Clustering algorithms find natural structure in data and can be used in any domain where the similarity between two data points can be quantified.
In terms of Twitter, we will try to group users depending on the most prevalent topics they tweet about. A simple approach is to represent a user with his/her latest 100 tweets and process the resulting document with the TF-IDF. We can use the cosine similarity to calculate the similarities between two user documents and apply k-means to perform the actual clustering.
Now, let us create a small proof of concept. We collect a set of 24 users, who is categorised into 4 categories and each category contains 6 users. Our goal is to use k-means to find 4 clusters, which contain the same 6 users as in the categories.
The following table shows the categories as well as the users in each category we collected.
|@wale, @tyga, @drake, @rickyrozay, @officialozzy, @dolly_parton||@jozyaltidore, @espn, @robdyrdek, @floydmayweather, @ryansheckler, @warrensapp||@bigcitymoms, @real_simple, @pbsparents, @playgrounddad, @preschoolers, @sesamestreet||@vkhosla, @padmasree, @sacca, @google, @bbcclick, @timoreilly|
Next, we run k-means and we find the following clusters.
|Cluster 1||Cluster 2||Cluster 3||Cluster 4|
|@tyga, @floydmayweather, @rickyrozay, @wale, @drake, @official_ozzy||@padmasree, @robdyrdek, @sesamestreet, @pbsparents, @sacca, @real_simple, @preschoolers, @playgrounddad||@espn, @warrensapp, @bigcitymoms, @ryansheckler, @jozyaltidore||@dolly_parton, @vkhosla, @timoreilly, @google, @bbcclick|
If we apply a liberal judgement to the results, we observe that the Music category is similar to Cluster 1, Sports is similar to Cluster 3, Family is similar to Cluster 2 and Technology is similar to Cluster 4. We create a tag cloud of the hashtags in each cluster.
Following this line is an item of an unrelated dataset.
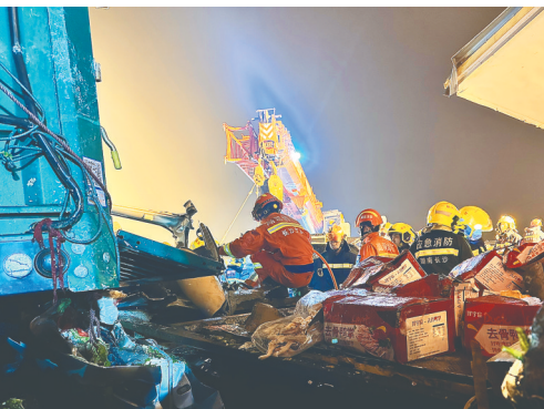
2月4日拍摄的事故救援现场。

新华社长沙2月5日电 记者5日从湖南省高速公路交通警察局获悉，许广高速公路望城段4日下午发生5起多车追尾交通事故，已造成16人死亡。 2月4日17时许，许广高速南往北方向676公里路段，先后发生5起交通事故，涉事部分车辆起火。初步调查显示，前后约10分钟内共发生5起交通事故，1起事故造成7人死亡，涉及车辆7台；3起事故各造成3人死亡，分别涉及车辆11台、10台、9台；另1起事故未造成人员伤亡，涉及车辆12台。事故另造成66人受伤，伤者已及时送医院全力治疗，其中8人伤势较重，生命体征暂时平稳。 事故发生后，湖南省公安、交通运输、应急、消防、卫健等部门救援人员迅速赶赴现场，联动长沙市区两级政府积极开展现场搜救、伤员救治、交通疏导等工作。 目前，事发路段已恢复通行，与救援工作同步开展的事故调查和相关善后处置有序进行。

The hashtag cloud is much more ambiguous than the previous cluster results and is open for interpretation. The first hashtag cloud was constructed from cluster 3, the second from cluster 2, the third from cluster 4 and the fourth from cluster 1.
The result for our small example is positive. We see that clusters can be constructed with a clustering algorithm that has a strong likeness to the original configuration. The hashtag representation has not been a success and different representation techniques should be considered to visualise the topics in each cluster.